Co-founders Chris Barton, Dhiraj Mukherjee and Philip Inghelbrecht had started pitching investors about the company, even before the music recognition system had been completed. But the dotcom bubble had already begun to burst before Shazam could get off the ground. 

“We knew we had a tiger of an idea . . . but very few of the investors we pitched to believed in it,” says Jerry Roest, who served as Shazam’s chief executive from 2002 to 2005. “Avery Wang was, and remains, the genius behind the delivery.” 

Mr Wang is the only one of Shazam’s four co-founders still working at the company. After he joins Apple, along with the rest of Shazam’s research and development team in Silicon Valley’s Redwood City, the iPhone maker will have fresh capabilities not only in music identification but the ability to recognise a wide range of audio signals, from TV and movies to the sound of people laughing or clapping. 

Some analysts believe that could have a wider applicability in future, as smartphones, headphones and even smartglasses acquire the ability to see, hear and interpret the world around them. 

“Apple isn’t buying Shazam for music. Instead, Shazam is an augmented-reality play,” Neil Cybart, an Apple analyst, said in his Above Avalon email newsletter on Monday. 

Shazam’s founders have joked that despite predicting the growth of mobile data connections, smartphone apps and digital music in their original presentation to investors in 2000, the company launched several years too early. 

Now, a decade after the iPhone launched, perhaps Shazam is joining Apple at just the right moment to help invent whatever comes next. 

The making — and unmaking — of a ‘unicorn’

Two years ago, Shazam touted itself as having reached a $1bn valuation, making it one of the few British unicorns. 

“We’re looking at a billion dollars and beyond” in an initial public offering, Andrew Fisher, Shazam’s executive chairman, said as long ago as 2013. “Investors are starting to see the pervasiveness of mobiles in people’s lives, and there’s a scarcity factor around [our] type of business.”

So the $400m price tag for this week’s sale to Apple has left some investors disappointed. 

Others insist the price, at roughly seven times last year’s revenues, is a “respectable” outcome for a company that has managed to survive several cycles of tech industry boom and bust. 

The company hired Goldman Sachs to find a buyer several months ago and had also considered a stock-based offer from Snap, according to people familiar with the process, but then turned to Apple as the Snapchat parent’s stock price fell

Over its 18-year life as a private company, Shazam had raised less than $150m, meaning most shareholders will see a return on their investment, even if it was made more than a decade ago.

Nick Habgood, managing partner at Azini Capital, a London-based private equity firm that held Shazam shares, says the $1bn valuation was a byproduct of recent investors offering a higher headline price in return for “liquidation preferences” — special terms that would have guaranteed they would be first in line to get their money back if the company had been sold for less than it had originally raised. 

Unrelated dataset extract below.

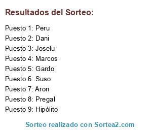 Lista de participantes: Beivi, Pregal, Xcorpiom, Jonyrambo, Parrita, Mindix, Frakotirador, Luna, Danivalde, Snake 0012, Anicolao, Havi Stae, JorgeNeymar, Padrone, Jonan, Emilio Snake, Sentenza, Eckae, Nutria, Fein, King Magic, Kantus, Fermin, Qememetes.

The sale of another well-known UK technology company to an overseas buyer follows a string of similar deals in recent years, from chipmaker Arm’s takeover by Japan’s SoftBank to Google’s acquisition of artificial intelligence pioneer DeepMind

“Some people will say it’s a shame that Shazam has been sold to another American company but I don’t see it that way,” Mr Habgood says. “Now there’s another $300-$400m that can be cycled back into UK tech.” 

US companies, he adds, have been more successful at commercialisation and scaling up a new technology than their British counterparts. “What we are really good at in this country is innovation and creativity. We should try to play to our strengths and be willing to partner or sell out to US companies.”